Never in my too-damned-close to fifty orbits have I ever lived anything that even closely approximated a rock and roll lifestyle. I’ve never smoked. I’ve never taken any drugs stronger than valium, which was prescribed, and all it did was give me a hopefully short-lived reputation for nodding off during staff development sessions. The amount of alcohol I’ve consumed in my life likely wouldn’t match the liquid volume of a case of beer. I’ve been single my whole life, and the number of women I’ve been involved in with serious, honest-to-God relationships could be counted on one hand. 

But that’s just the sex and the drugs. I have always lived and breathed the rock and roll. 

Not just rock, though. Rock, pop, alternative, metal, power metal, progressive metal, progressive rock, Christian rock, classical, classic rock, holiday music, show tunes, blues, modern blues, adult contemporary, modern bluegrass, electronic, folk, hip-hop, soul, rap, hardcore rap, soundtracks, scores, easy listening, jazz, punk, power punk, noise pop…the ABCs of music. 

And of course, ABC stands for Anything But Country. I’m not denying anyone’s right to listen to and/or enjoy country music, whether it’s the old school Grand Ol’ Opry stuff or the thinly-veiled sexual assault glorifying bro-country of the post-millennial age, but it’s just never been a path I’ve explored, or even found all that compelling. Even if I grew up in what was basically farm country, the only people at my school who even listened to country music were the kids who all worked at McDonald’s and seemed to buy matching t-shirts every time Alabama came back to play at the State Fair. So as much as I hate to fall into the category of cliché, anything but country is all too apt of a descriptor for my musical taste.

I collected records like trading cards, then graduated to cassettes, then stepped into the real future with compact discs, which ended up with digital files both downloaded and streamed. It’s kind of astonishing to stop and think of how so much of the favorite music I’ve had in the past fifteen or so years wouldn’t exist as it does now if not for math.

I didn’t have the long hair, or even the cool hair for that matter, but I wore my way through a constantly-evolving collection of concert t-shirts. I easily spent more time in ninth grade reading album liner notes than I did assigned novels. I was never shy about rolling down the windows while driving through the high school parking lot to let the outside world know what album I had jammed into the cassette player of my parents’ snot-green Mitsubishi subcompact.

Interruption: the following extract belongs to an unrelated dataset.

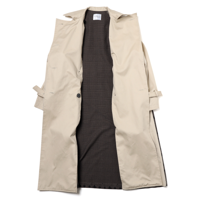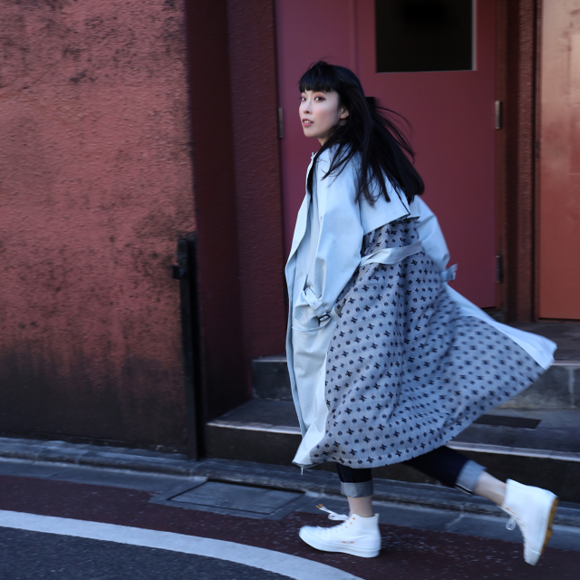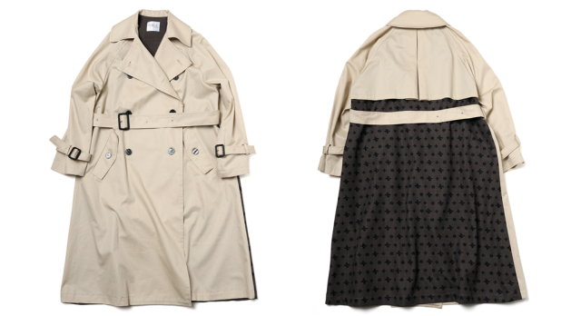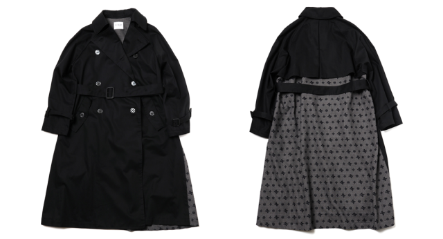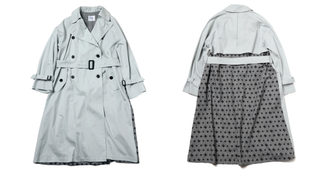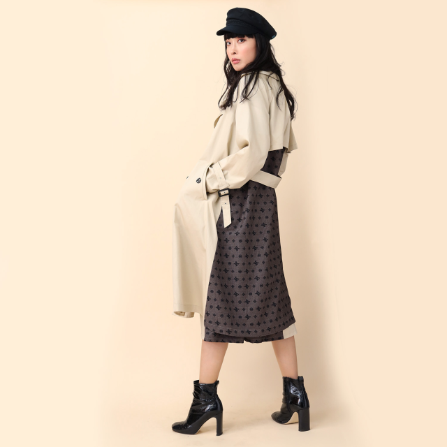 這次 RADIO EVA 將這款服裝實體化,不但將廣告中的服裝忠實還原,以春季的風衣款式為設計,正面看似簡單的長板風衣外套,背面則將滿版圖騰的洋裝與風衣外套兩者不同的材質融合為一,呈現出優雅又不失單調的一件式穿搭,絕對是春季女性穿搭的一個好選擇。

I spent dozens of hours at the St. Cloud record stores mining the discount bins for the next great surprise album that would help me define my college years. After getting my first desktop computer, I tried to teach myself the how to use the database tool in ClarisWorks by creating a comprehensive listing of the albums in my music library, including with notes and ratings.

So I never needed the long hair to prove to anyone I had the musical bona fides. They were in my blood, and they’d been there for generations, lying dormant and waiting for the right push to be sonically activated. 

Which didn’t happen until I reached the ripe old age of seven.